William Shakespeare (1564 – 1616) English poet and playwright. Famous plays include Macbeth, Romeo and Juliet, Merchant of Venice and Hamlet. Shakespeare is widely considered the seminal writer of the English language.
Jonathan Swift (1667 – 1745) Anglo-Irish writer born in Dublin. Swift was a prominent satirist, essayist and author. Notable works include Gulliver’s Travels (1726), A Modest Proposal and A Tale of a Tub.
Samuel Johnson (1709 – 1784) Britishauthor best known for his compilation of the English dictionary. Although not the first attempt at a dictionary, it was widely considered to be the most comprehensive – setting the standard for later dictionaries.
Johann Wolfgang von Goethe (1749 – 1832) German poet, playwright, and author. Notable works of Goethe include: Faust, Wilhelm Meister’s Apprenticeship and Elective Affinities.
Jane Austen (1775 – 1817) English author who wrote romantic fiction combined with social realism. Her novels include: Sense and Sensibility (1811), Pride and Prejudice (1813) and Emma (1816).

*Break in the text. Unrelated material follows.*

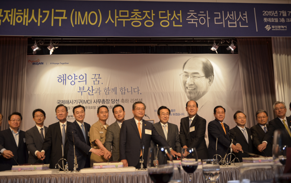 7일 오후 12시 롯데호텔부산 3층 크리스탈볼룸에서 부산시 주최로 열린 '임기택 국제해사기구(IMO) 사무총장 당선 축하 리셉션'에서 임 당선인을 비롯한 서병수 부산시장, 이해동 부산시의회 의장, 서용교, 배덕광 국회의원, 엄현성 해작사 사령관, 권기선 부산경찰청장, 신정택 세운철강 회장, 오거돈 전 해수부장관, 강병중 넥센타이어 회장 등 참석자들이 기념떡 커팅을 하고 있다.

Honore de Balzac (1799 – 1850) French novelist and short story writer. Balzac was an influential realist writer who created characters of moral ambiguity – often based on his own real life examples. His greatest work was the collection of short stories La Comédie humaine.
Alexandre Dumas (1802 – 1870) French author of historical dramas, including – The Count of Monte Cristo (1844), and The Three Musketeers (1844). Also prolific author of magazine articles, pamphlets and travel books.
Victor Hugo (1802 – 1885) French author and poet. Hugo’s novels include Les Misérables, (1862) and Notre-Dame de Paris (1831).
Charles Dickens (1812 – 1870) – English writer and social critic. His best-known works include novels such as Oliver Twist, David Copperfield and A Christmas Carol.
Charlotte Bronte (1816 – 1855) English novelist and poet, from Haworth. Her best known novel is ‘Jane Eyre’ (1847).
Henry David Thoreau (1817 – 1862) – American poet, writer and leading member of the Transcendentalist movement. Thoreau’s “Walden” (1854) was a unique account of living close to nature.
Emily Bronte (1818 – 1848) English novelist. Emily Bronte is best known for her novel Wuthering Heights (1847), and her poetry.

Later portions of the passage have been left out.